41
Kami bertemu lagi dengan wanita kasir di Indomaret itu lagi. Masih "Bercahaya" dan menarik hati seperti pertama kali kami melihatnya. Sebagai kasir, sebagai kasir memang seharusnya dia baik dan rajin senyum. Tapi lebih dari pada itu, kebaikan dan senyumnya memang berasal dari dirinya sendiri sebagai keseluruhan pribadi terbaik yang pernah kami temui.
"Dia begitu menggoda kan?" goda Si Tengah. Dia baru saja keluar dari kamar mandi yang lubang saluran airnya tertutup bulu apa rambut yang kami curigai milik Si Bungsu. Kenapa Si Bungsu tak berdosa itu yang dicurigai? Yah, karena dia baru sadar kalau dirinya beranjak dewasa dan bermunculan rambut atau bulu di sekujur tubuhnya.
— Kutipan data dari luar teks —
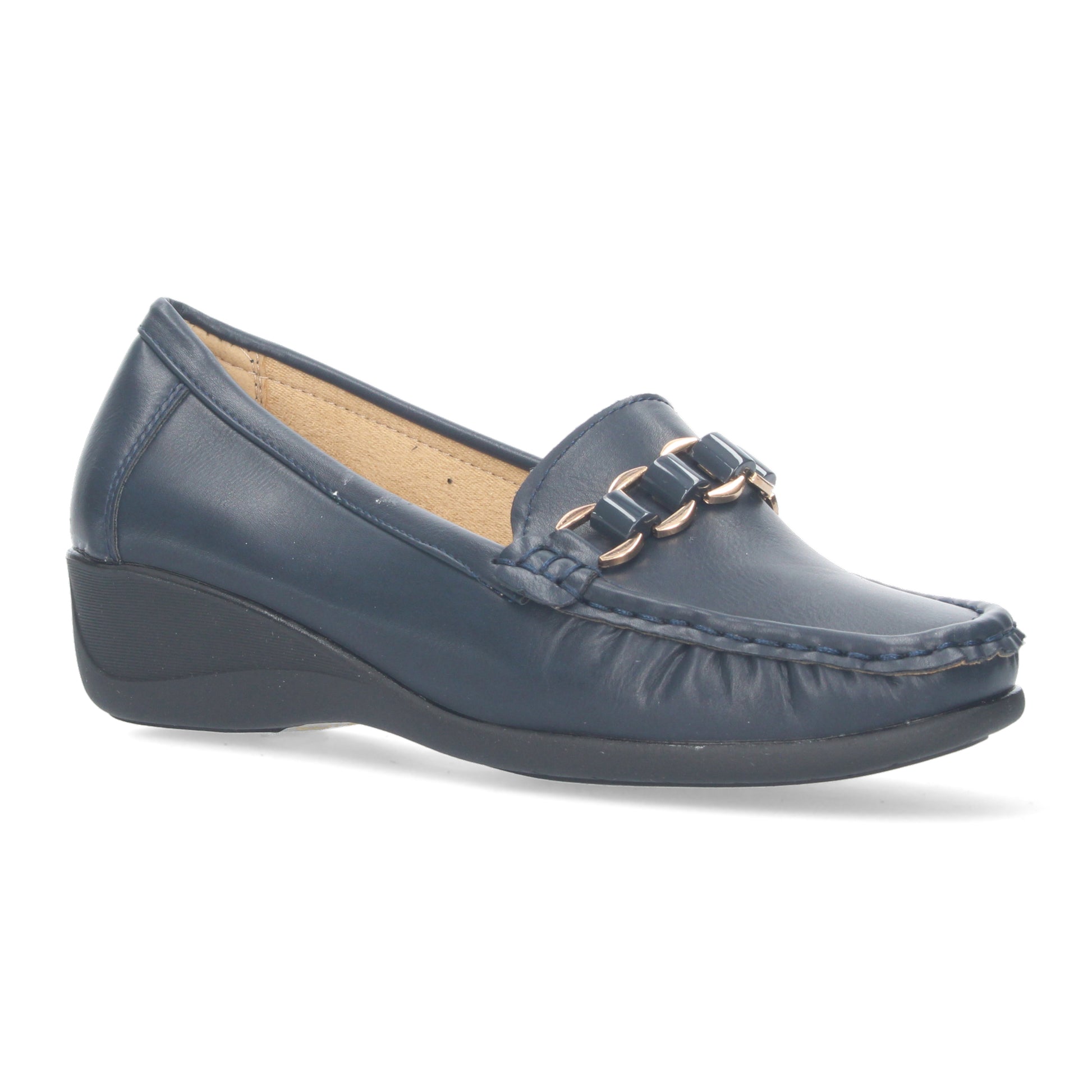 Mocasin de cuña para mujer comodos con detalle metalico en la pala.
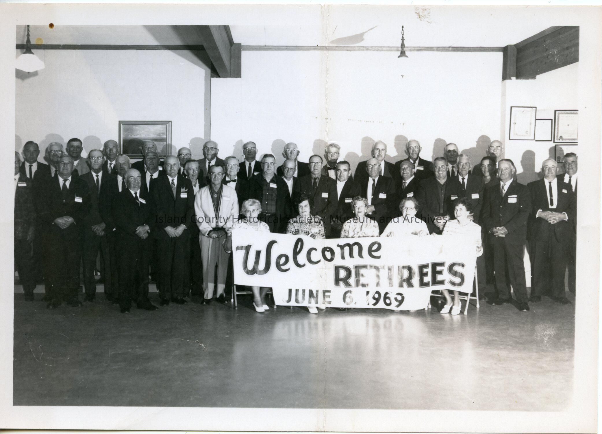 A photo of a group of people inside of a building. The people sitting in front of the crowd are holding a sign that says "Welcome Retirees June 6, 1969."
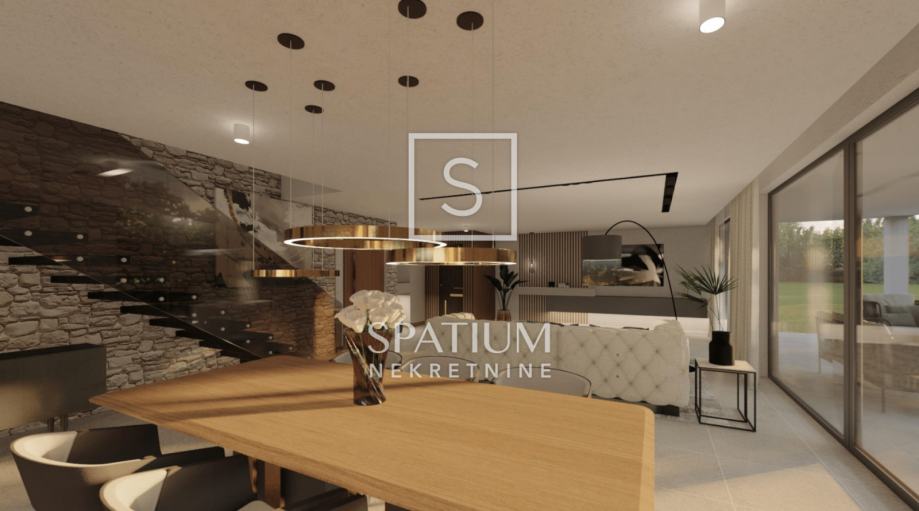 Kuća se nalazi u novom rezidencijalnom dijelu, okružena modernim luksuznim vilama, što jamči ekskluzivnost i kvalitetan ambijent. Projektirana je s naglaskom na suvremeni dizajn i maksimalnu udobnost te raspolaže s ukupno 210 m² stambene površine raspoređenih na dvije etaže.
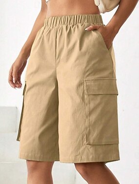 Mulheres Bermudas Bermuda Cargo Calção Shorts de verão Férias Moda Casual Diário Curto Cintura Média Bolsos Cintura elástica Secagem Rápida Macio Respirável Sem Elasticidade Streetwear Praia Feriado
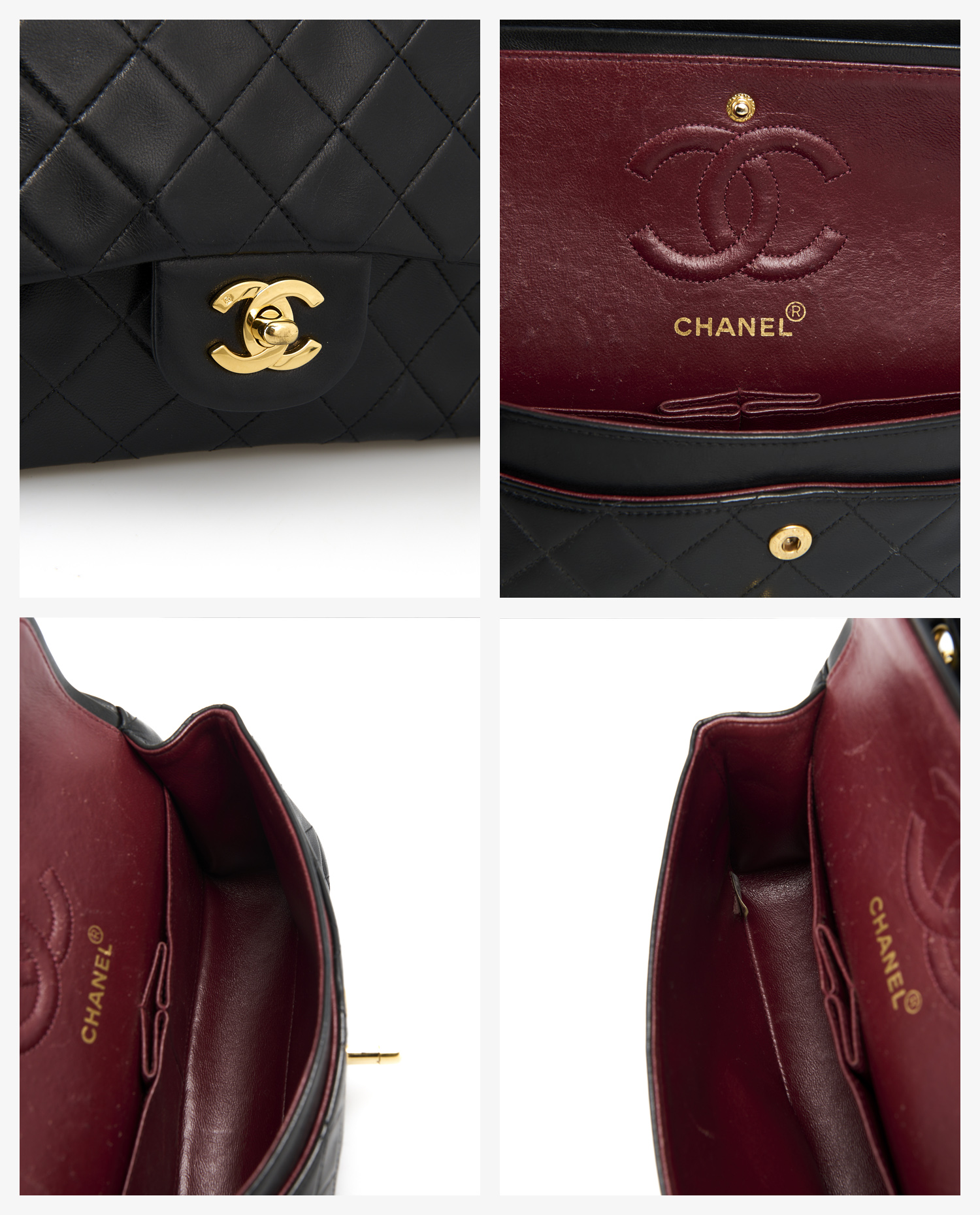 L’intérieur est doublé de cuir bordeaux, signature de la maison Chanel. On y trouve une poche à fermeture par bouton pression sous le rabat, ainsi qu’une poche plaquée au dos et deux petits compartiments intérieurs. Le logo Chanel est estampillé en doré à l’intérieur, avec le marquage “CHANEL®” et le double C embossé sur le rabat, caractéristiques de la période de production de la fin des années 90.

Si Sulung pernah nyeletuk kalau Si Bungsu takut dibilang monyet.
Herannya, pikiran birahi tak melintas di benak bila mengenang-ngenang dia. Orang berkata: "Itu cinta Platonis atau ketertarikan cinta asali." Dimana jiwa bertemu dengan jiwa. Jiwanya yang bercahaya mempengaruhi kami hingga kami ikut punya cahaya. Diam-diam kami berharap Roro adalah semacam kembaran dari wanita ini.
Hari itu di rumah agak sepi, tapi stereo yang mengalunkan keroncong dan burung beo tetangga yang ngomong "slamat pagi-slamat pagi" menggaduhkan suasana. Kegaduhan yang anehnya menentramkan. Serasa kembali berada di rumah. Maka kami mulai berjalan mengukur setiap tapak rumah kami dan bercerita pada kegaduhannya tentang wanita kasir ini: "Dengan jilbabnya, dia lebih cantik, lebih wanita dari pada gadis-gadis yang sering kami temui atau lihat bahkan sering lihat dengan pakaian yang semakin menunjukkan mereka adalah perempuan, wanita, sebab dengan begitu mudah kami melihat pusar terawat yang berbeda dengan pusar kami yang ditumbuhi bulu-bulu halus (laki-laki), dada yang halus mulus, tidak berbulu seperti kami. Dan pahanya mulus tak berbulu tergulung-gulung, kritingnya seperti punya kami."
Hari telah bergulir ke senja. Rumput yang hijau agak kuning dan tergurat-gurat merah muda di kejauhan adalah imaji kami, bukan realitas, sebab mana ada di kubangan batako dan aspal ini ada terselip rumput hijau? Meski begitu sebagaimana para sastrawan, kami bertanya juga: "Apakah Roro punya kumis dan bulu kami?"
Dan Si Tengah menimpali dengan gayanya yang pecicilan: "Dan apakah Ibu akan ngakak jika benar begitu?"